V. Simulation Laboratory
The Simulation Laboratory is specialized in thermo-fluid dynamic analysis for the different technologies related to hydrogen.
- Modeling area, to perform simulations related to the thermal and fluid management of electrolyzers, fuel cells and auxiliary equipment, using CFD (Computational Fluid Dynamics) specialized software. It is also studied hydrogen leaks in open and confined spaces in order to design extraction and detection systems.
- Experimental area, to study the matter and energy transport phenomena and their influence on parameters such as process efficiency or energy consumption.
The combination of these areas allows to validate the results obtained in the different models developed by using several experimental techniques.
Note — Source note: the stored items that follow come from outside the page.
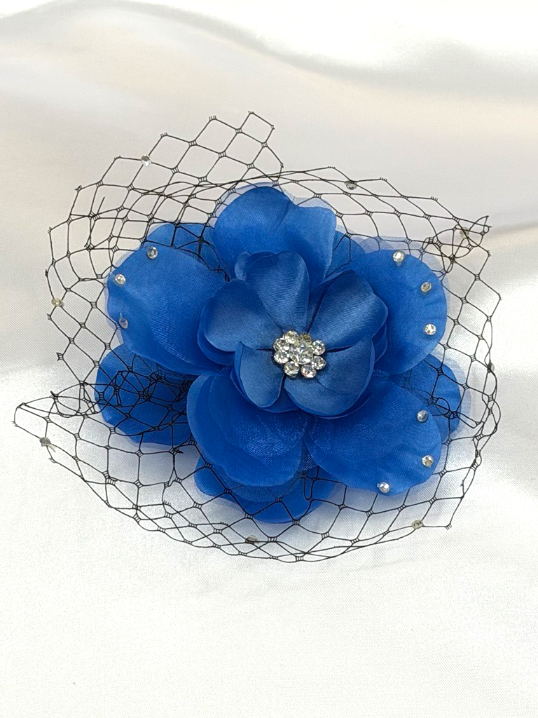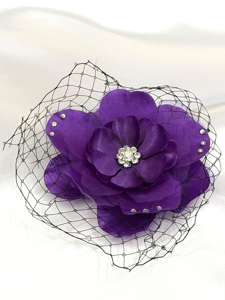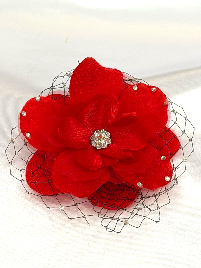 Flower hair clips with Rhinestone & Black fishnet accents
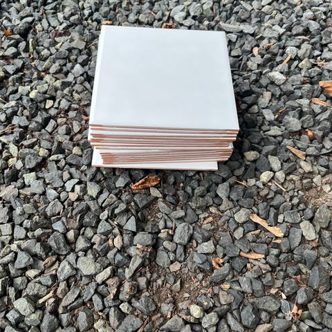 Selger en pakke med hvite blanke/glossy keramiske fliser fra IKEA. Hver flis måler 15x15 cm. Flisene har en hvit, blank overflate.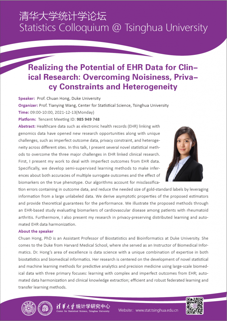 【统计学论坛】Realizing the Potential of EHR Data for Clinical Research: Overcoming Noisiness, Privacy Constraints and Heterogeneity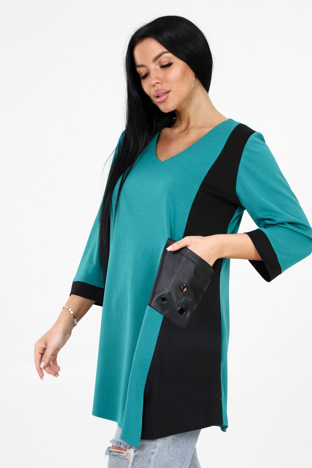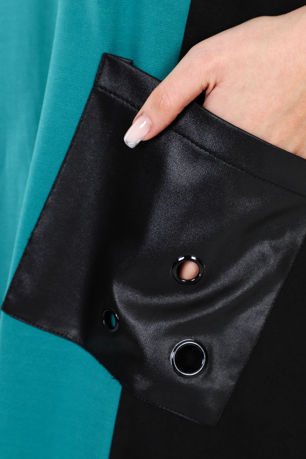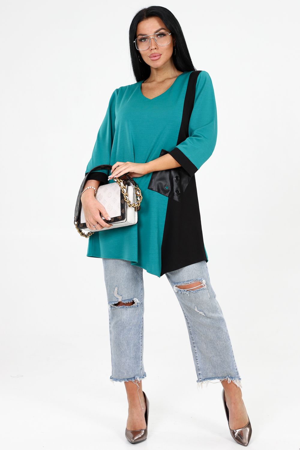 Ключевые слова: стильная туника, туника с асимметричным кроем, двухцветная туника, туника для любого случая, женская туника с карманом, декоративные люверсы, туника с рукавами 3/4, модная туника, комфортная женская одежда, гардероб современной женщины.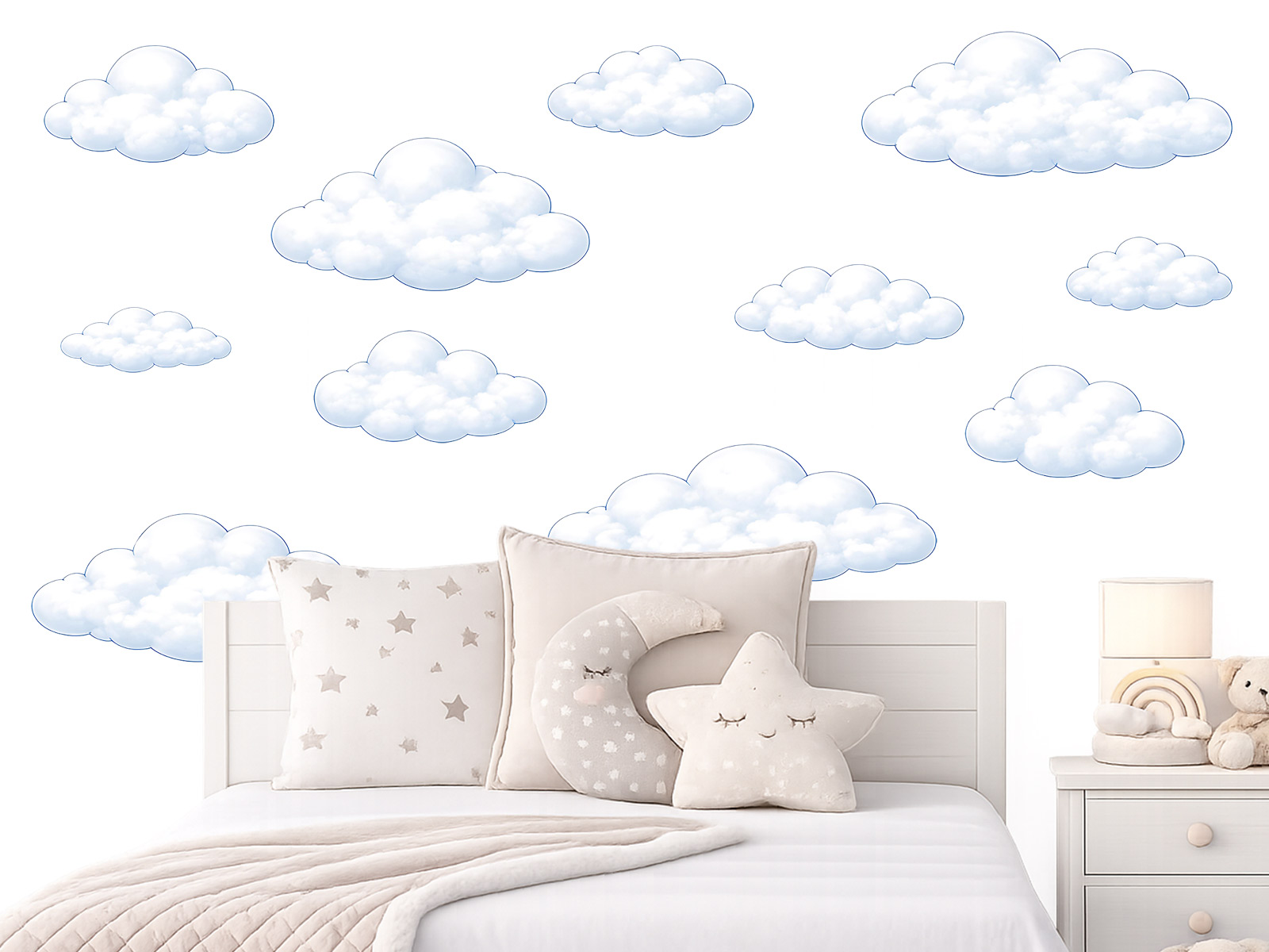 Oblaka jsou jemné dětské samolepky na zeď s lehkými, nadýchanými obláčky, které vytvářejí klidnou a snovou atmosféru v dětském pokoji. Akvarelový styl s měkkými přechody a světle modrými konturami působí vzdušně, přirozeně a neruší prostor, naopak ho opticky zjemňuje a otevírá. Obláčky jsou navrženy v různých velikostech, takže si můžete vytvořit vlastní rozložení přesně podle dispozice pokoje – rozptýlené po celé stěně, nad postýlkou nebo jako decentní doplněk k dalším motivům. Celek působí harmonicky, hravě a nadčasově, ideální pro miminka i větší děti, a krásně ladí s neutrálním i barevným interiérem. Samolepka přináší pocit klidu, bezpečí a fantazie, jako by se dítě ocitlo v měkkém světě oblaků.

Electrochemical transparent cells
- Cells with diverse geometries and configurations for electrolysis and fuel cells.
- They allow incorporate direct flow visualization techniques to study the behavior of two-phase mixtures which occur inside them.
Direct flow visualization techniques (PIV/PLIF system)
- PIV system (Particle Image Velocimetry) consisting of Nd:YAG laser and CMOS camera (1000 fps).
- PLIF system (Planar Laser-Induced Fluorescence), for the measuring of scalar properties of a flow by using fluorescent tracers.
High definition infrared (IR) cameras
- Study of the thermal gradients that occur in electrolyzers and fuel cells during operation.
- Dynamic analysis with cameras of 50 fps and frames of 640×480 pixels.
- High resolution cameras.
Climatic chamber for materials, cells and small stacks
- 300 liters capacity.
- Climate tests with temperature (from -40ºC to 150ºC) and humidity control (from 10 to 98% HR).
- Cold start test and freeze-thaw cycles for fuel cells and electrolysis stacks when they are in operation.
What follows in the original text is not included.